TASK DATA:
..............................
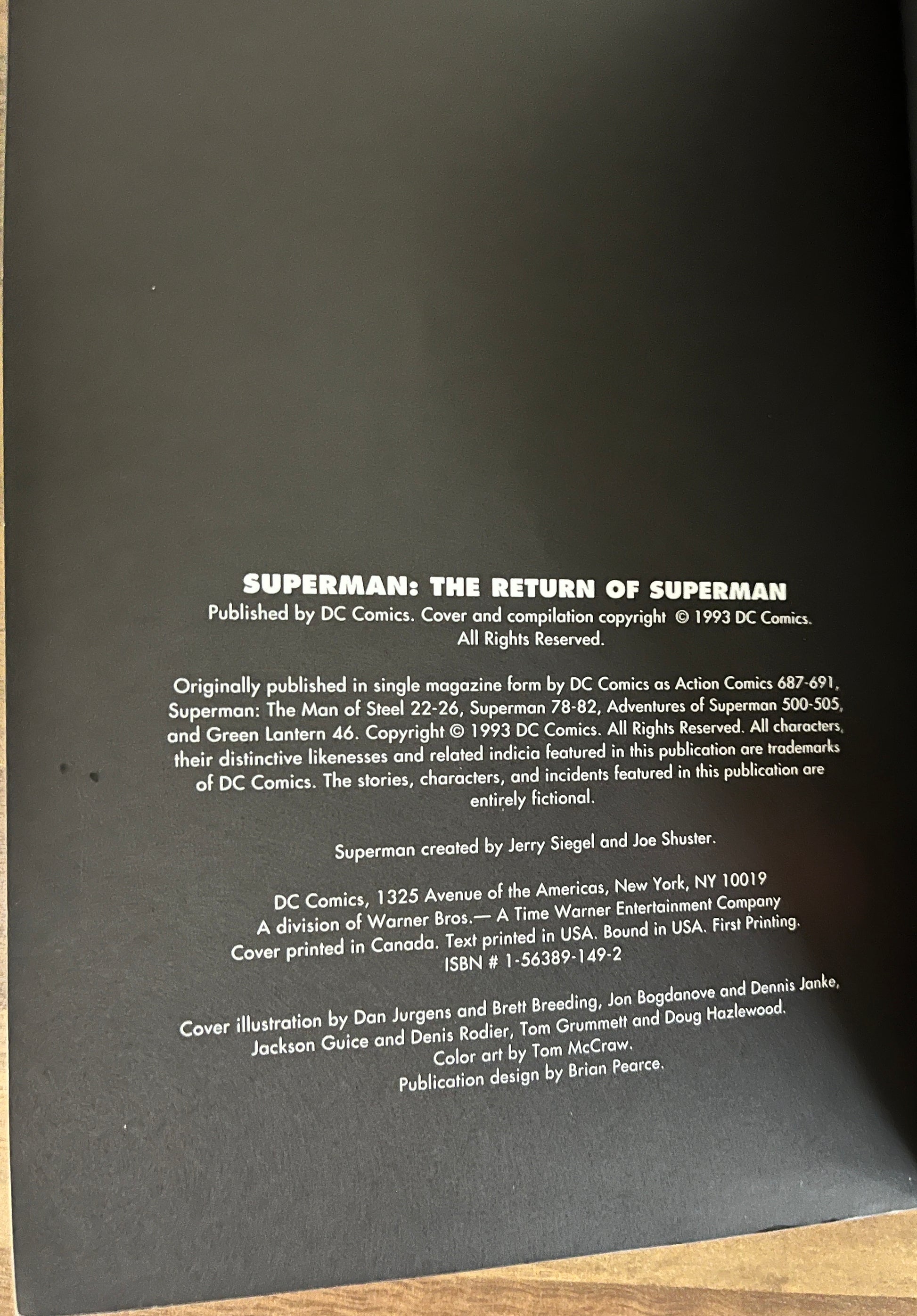 Superman: The Return of Superman Comic Book TPB - Dan Jurgens, L. Simonson et al 1993
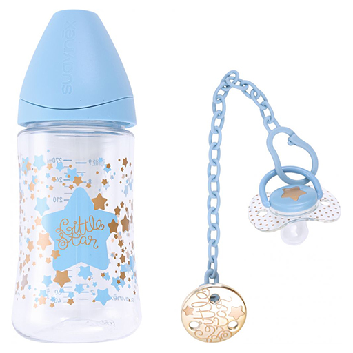 Suavinex Set Of Feeding Bottle With Soother And Chain Blue سيت رضاعة مع ملهية
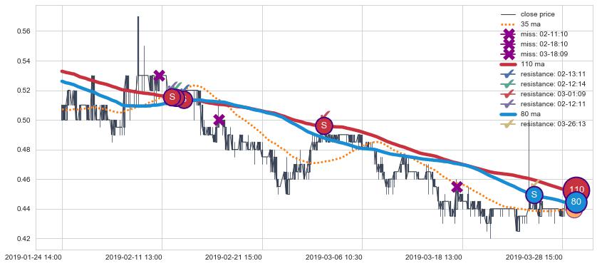 下跌趋势01-24 14:00-03-29 10:30,均线80, 110确认关键阻力5处
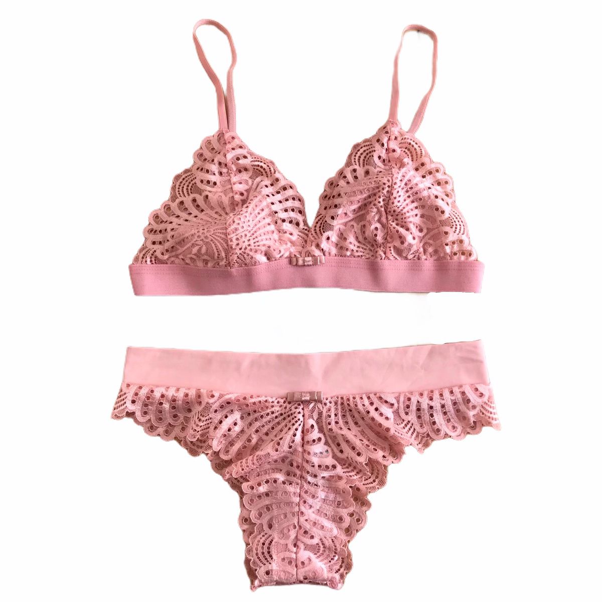 Dica: Esse é um conjunto extremamente confortável desde a renda até a modelagem, renda macia e trabalhada, possui um elástico resistente abaixo dos seios para sustentar, possui forro nos seios 100% algodão, alças ajustáveis e uma cor super feminina e delicada. Sua calcinha possui forro 100% algodão e o melhor de tudo fio duplo, o que torna a calcinha fio extremamente confortável sem incômodo nenhum. Esse conjunto é delicadeza pura, perfeito para você usar no dia-a-dia ou em ocasiões mais especiais.
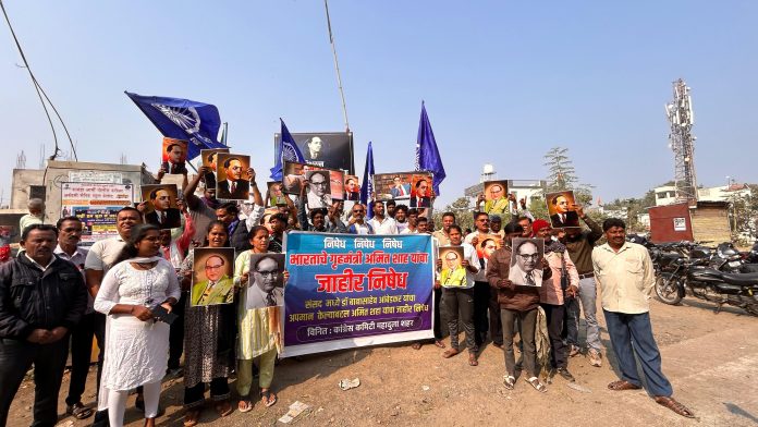 केंद्रीय ग्रृहमंत्री अमित शाह यांनी संविधान निर्माता डॉ. बाबासाहेब आंबेडकर यांच्याबद्दल अपमानजनक वक्तव्य केल्याच्या निषेधार्थ कांग्रेस कमिटी महादूला शहर तर्फे माजी नगरसेवक रत्नदिपभाऊ रंगारी यांच्या नेतृत्वाखाली विश्वरत्न कोराडी — डॉ बाबासाहेब आंबेडकर चौक महादुला येथे आंदोलन करण्यात आले. यावेळी कांग्रेस पक्ष आणि आंबेडकरी जनते तर्फे अमित शाह यांच्या राजीनाम्याची मागणी केली.
..............................
EXERCISE BRIEF:
Retype each record exactly as it stands, but do not include the pictures.

REPLY TO THE EXERCISE:
 Superman: The Return of Superman Comic Book TPB - Dan Jurgens, L. Simonson et al 1993
 Suavinex Set Of Feeding Bottle With Soother And Chain Blue سيت رضاعة مع ملهية
 下跌趋势01-24 14:00-03-29 10:30,均线80, 110确认关键阻力5处
 Dica: Esse é um conjunto extremamente confortável desde a renda até a modelagem, renda macia e trabalhada, possui um elástico resistente abaixo dos seios para sustentar, possui forro nos seios 100% algodão, alças ajustáveis e uma cor super feminina e delicada. Sua calcinha possui forro 100% algodão e o melhor de tudo fio duplo, o que torna a calcinha fio extremamente confortável sem incômodo nenhum. Esse conjunto é delicadeza pura, perfeito para você usar no dia-a-dia ou em ocasiões mais especiais.
 केंद्रीय ग्रृहमंत्री अमित शाह यांनी संविधान निर्माता डॉ. बाबासाहेब आंबेडकर यांच्याबद्दल अपमानजनक वक्तव्य केल्याच्या निषेधार्थ कांग्रेस कमिटी महादूला शहर तर्फे माजी नगरसेवक रत्नदिपभाऊ रंगारी यांच्या नेतृत्वाखाली विश्वरत्न कोराडी — डॉ बाबासाहेब आंबेडकर चौक महादुला येथे आंदोलन करण्यात आले. यावेळी कांग्रेस पक्ष आणि आंबेडकरी जनते तर्फे अमित शाह यांच्या राजीनाम्याची मागणी केली.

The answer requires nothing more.